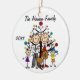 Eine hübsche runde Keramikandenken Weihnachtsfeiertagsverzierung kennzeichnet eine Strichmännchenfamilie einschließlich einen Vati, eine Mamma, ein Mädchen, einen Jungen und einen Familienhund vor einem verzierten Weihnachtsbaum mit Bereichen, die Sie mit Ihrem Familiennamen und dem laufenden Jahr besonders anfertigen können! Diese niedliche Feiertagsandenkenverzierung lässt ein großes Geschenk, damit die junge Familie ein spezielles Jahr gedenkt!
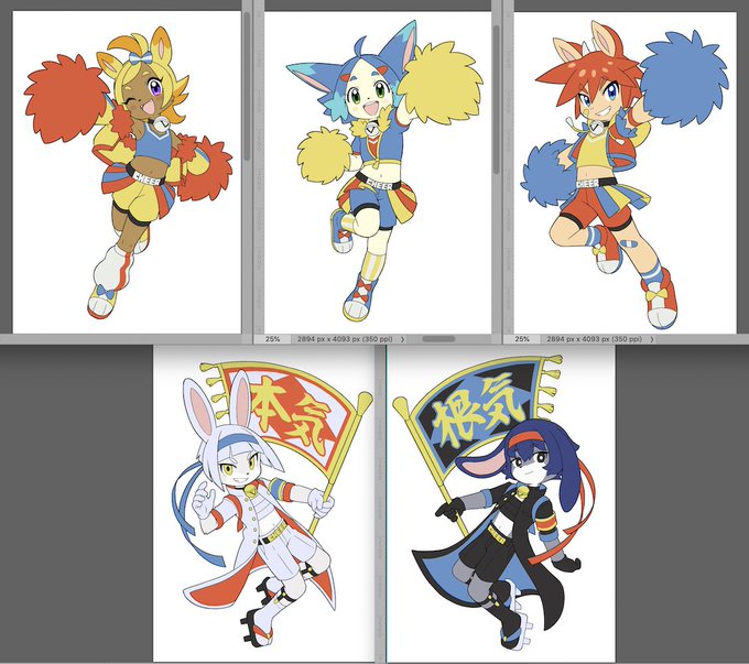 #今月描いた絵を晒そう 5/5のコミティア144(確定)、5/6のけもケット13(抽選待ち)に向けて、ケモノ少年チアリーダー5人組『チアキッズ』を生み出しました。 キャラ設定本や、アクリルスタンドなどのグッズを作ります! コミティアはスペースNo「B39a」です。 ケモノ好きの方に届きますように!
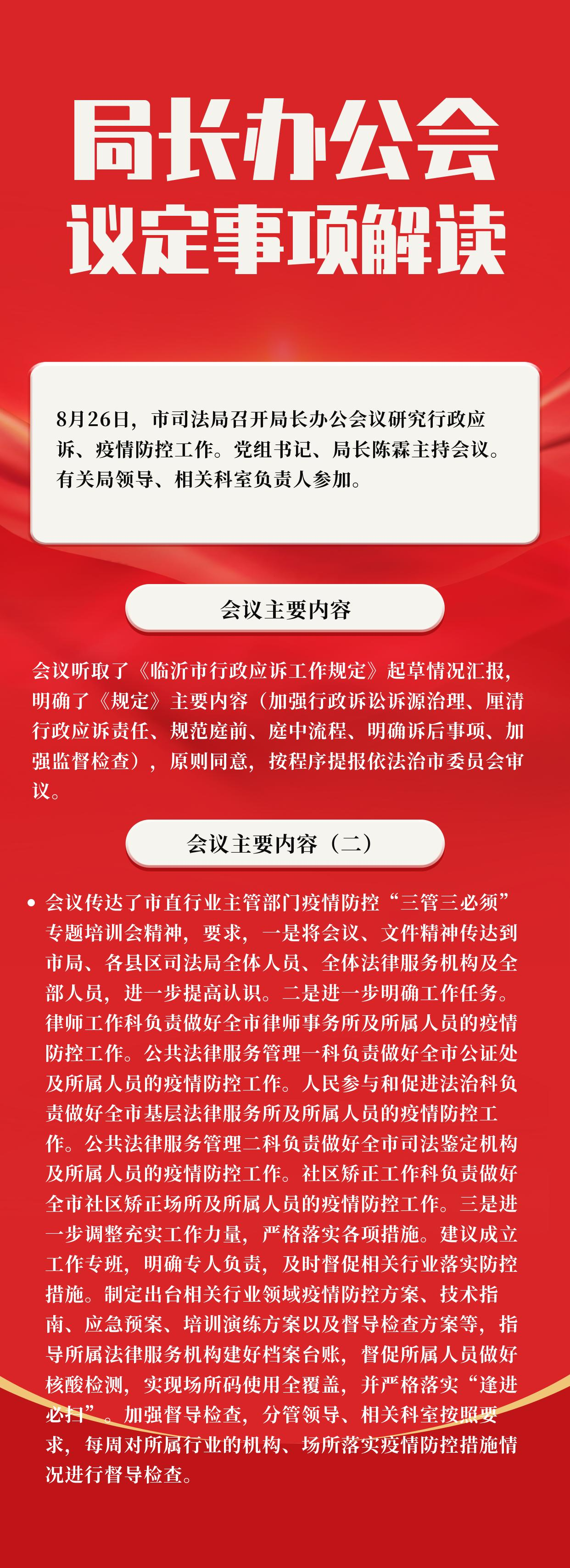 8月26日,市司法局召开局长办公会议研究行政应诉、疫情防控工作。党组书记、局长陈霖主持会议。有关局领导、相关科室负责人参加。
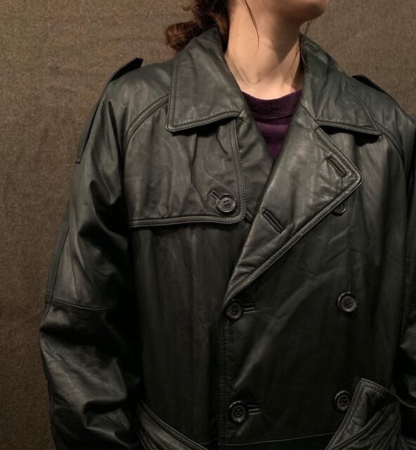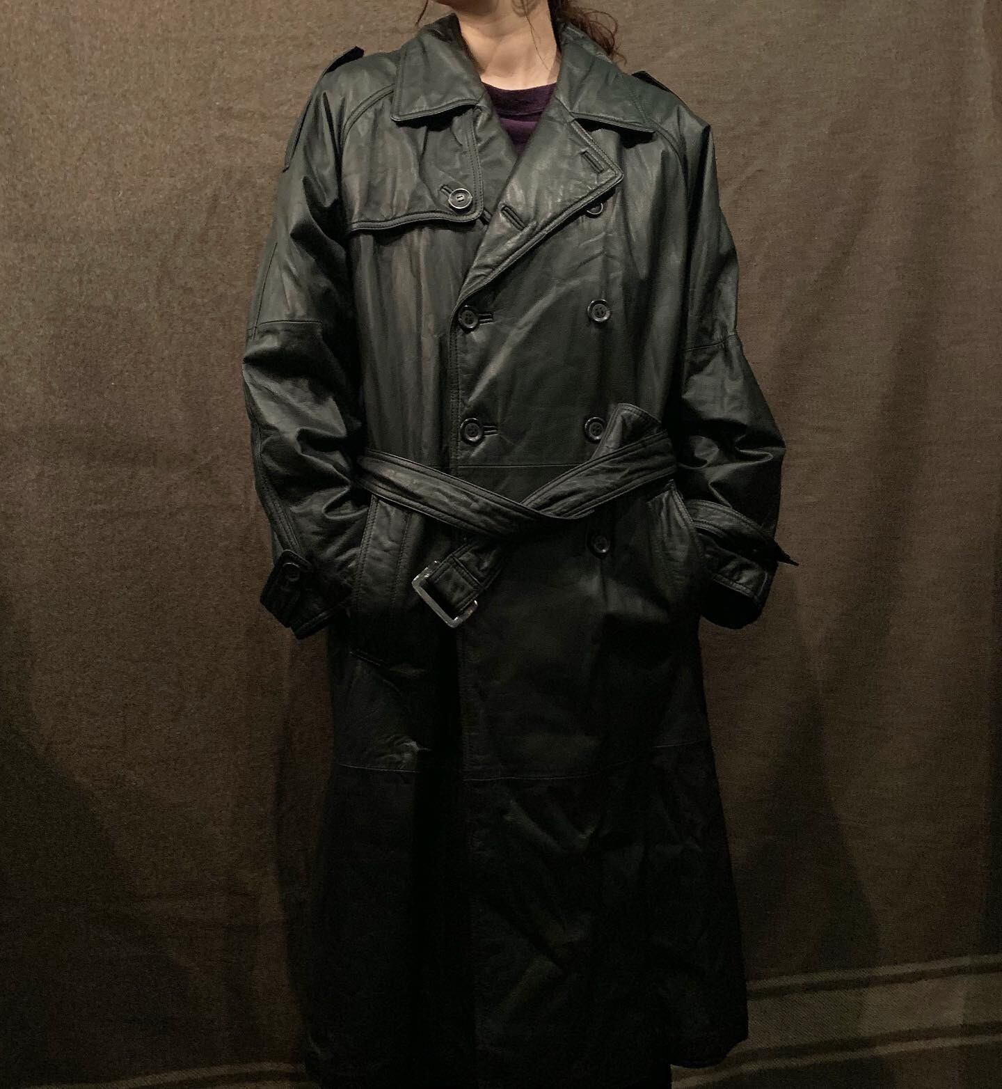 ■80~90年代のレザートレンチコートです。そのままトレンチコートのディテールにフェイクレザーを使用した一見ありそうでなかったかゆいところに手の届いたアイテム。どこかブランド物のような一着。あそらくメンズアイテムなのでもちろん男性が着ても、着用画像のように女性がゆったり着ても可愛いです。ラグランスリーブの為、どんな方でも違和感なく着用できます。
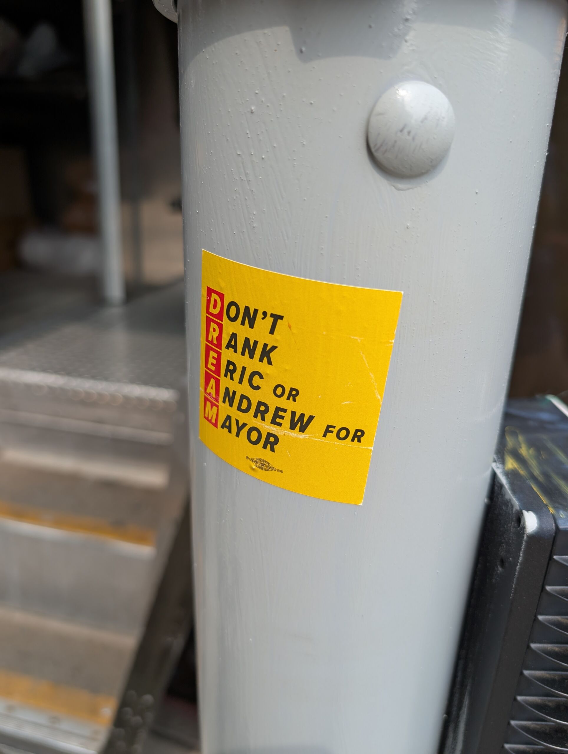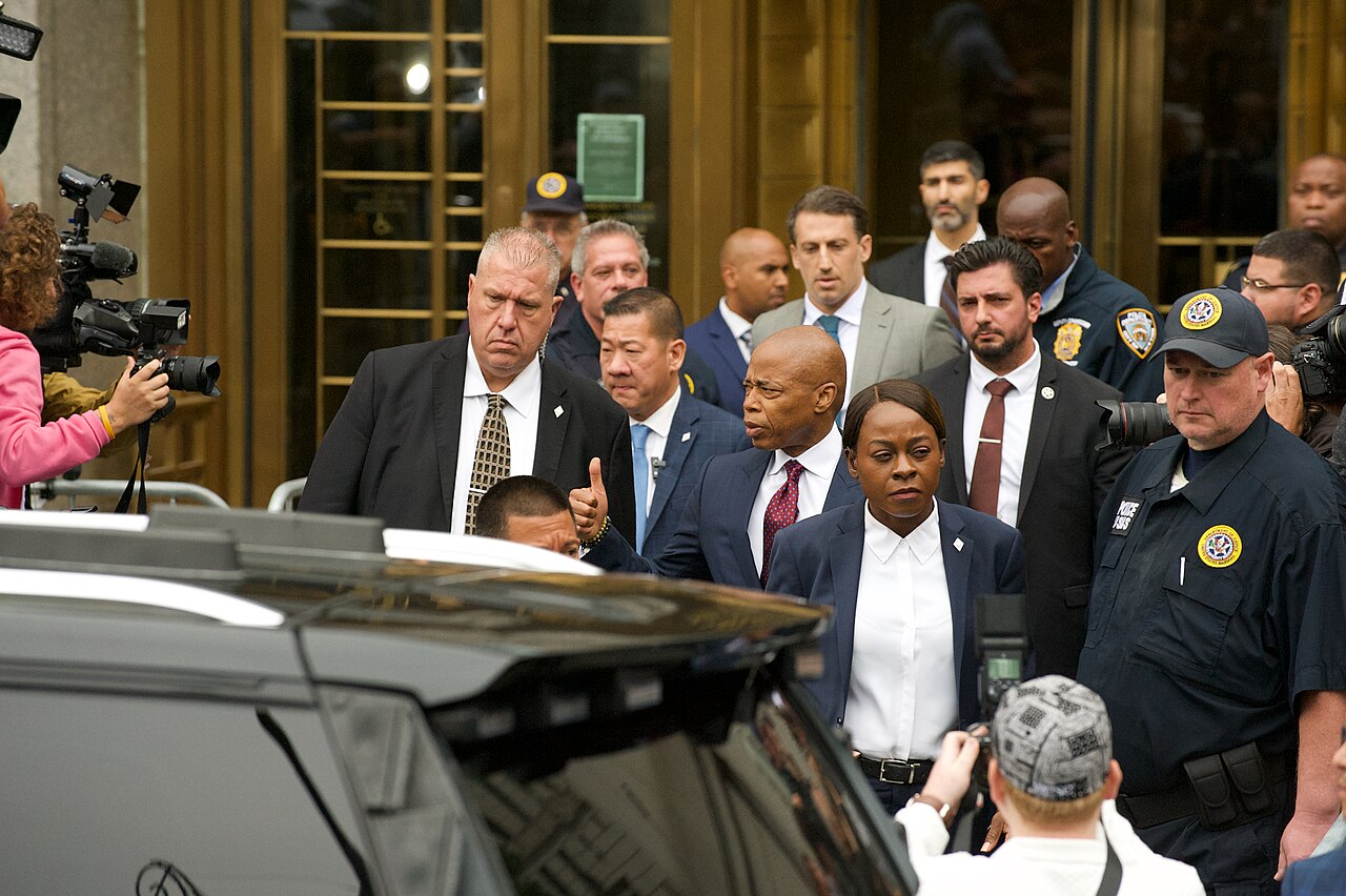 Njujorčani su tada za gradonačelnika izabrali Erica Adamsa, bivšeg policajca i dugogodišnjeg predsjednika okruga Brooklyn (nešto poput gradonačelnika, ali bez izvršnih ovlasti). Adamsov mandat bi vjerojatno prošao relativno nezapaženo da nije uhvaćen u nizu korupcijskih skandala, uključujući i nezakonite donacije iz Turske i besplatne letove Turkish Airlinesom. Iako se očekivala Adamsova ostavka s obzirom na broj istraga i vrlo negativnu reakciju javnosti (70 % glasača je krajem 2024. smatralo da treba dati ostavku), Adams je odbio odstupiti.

________________________________________

:: AIM OF THE TASK ::
Every line above is to be written out unchanged, with the pictures omitted.

:: YOUR RESPONSE ::
 Eine hübsche runde Keramikandenken Weihnachtsfeiertagsverzierung kennzeichnet eine Strichmännchenfamilie einschließlich einen Vati, eine Mamma, ein Mädchen, einen Jungen und einen Familienhund vor einem verzierten Weihnachtsbaum mit Bereichen, die Sie mit Ihrem Familiennamen und dem laufenden Jahr besonders anfertigen können! Diese niedliche Feiertagsandenkenverzierung lässt ein großes Geschenk, damit die junge Familie ein spezielles Jahr gedenkt!
 #今月描いた絵を晒そう 5/5のコミティア144(確定)、5/6のけもケット13(抽選待ち)に向けて、ケモノ少年チアリーダー5人組『チアキッズ』を生み出しました。 キャラ設定本や、アクリルスタンドなどのグッズを作ります! コミティアはスペースNo「B39a」です。 ケモノ好きの方に届きますように!
 8月26日,市司法局召开局长办公会议研究行政应诉、疫情防控工作。党组书记、局长陈霖主持会议。有关局领导、相关科室负责人参加。
 ■80~90年代のレザートレンチコートです。そのままトレンチコートのディテールにフェイクレザーを使用した一見ありそうでなかったかゆいところに手の届いたアイテム。どこかブランド物のような一着。あそらくメンズアイテムなのでもちろん男性が着ても、着用画像のように女性がゆったり着ても可愛いです。ラグランスリーブの為、どんな方でも違和感なく着用できます。
 Njujorčani su tada za gradonačelnika izabrali Erica Adamsa, bivšeg policajca i dugogodišnjeg predsjednika okruga Brooklyn (nešto poput gradonačelnika, ali bez izvršnih ovlasti). Adamsov mandat bi vjerojatno prošao relativno nezapaženo da nije uhvaćen u nizu korupcijskih skandala, uključujući i nezakonite donacije iz Turske i besplatne letove Turkish Airlinesom. Iako se očekivala Adamsova ostavka s obzirom na broj istraga i vrlo negativnu reakciju javnosti (70 % glasača je krajem 2024. smatralo da treba dati ostavku), Adams je odbio odstupiti.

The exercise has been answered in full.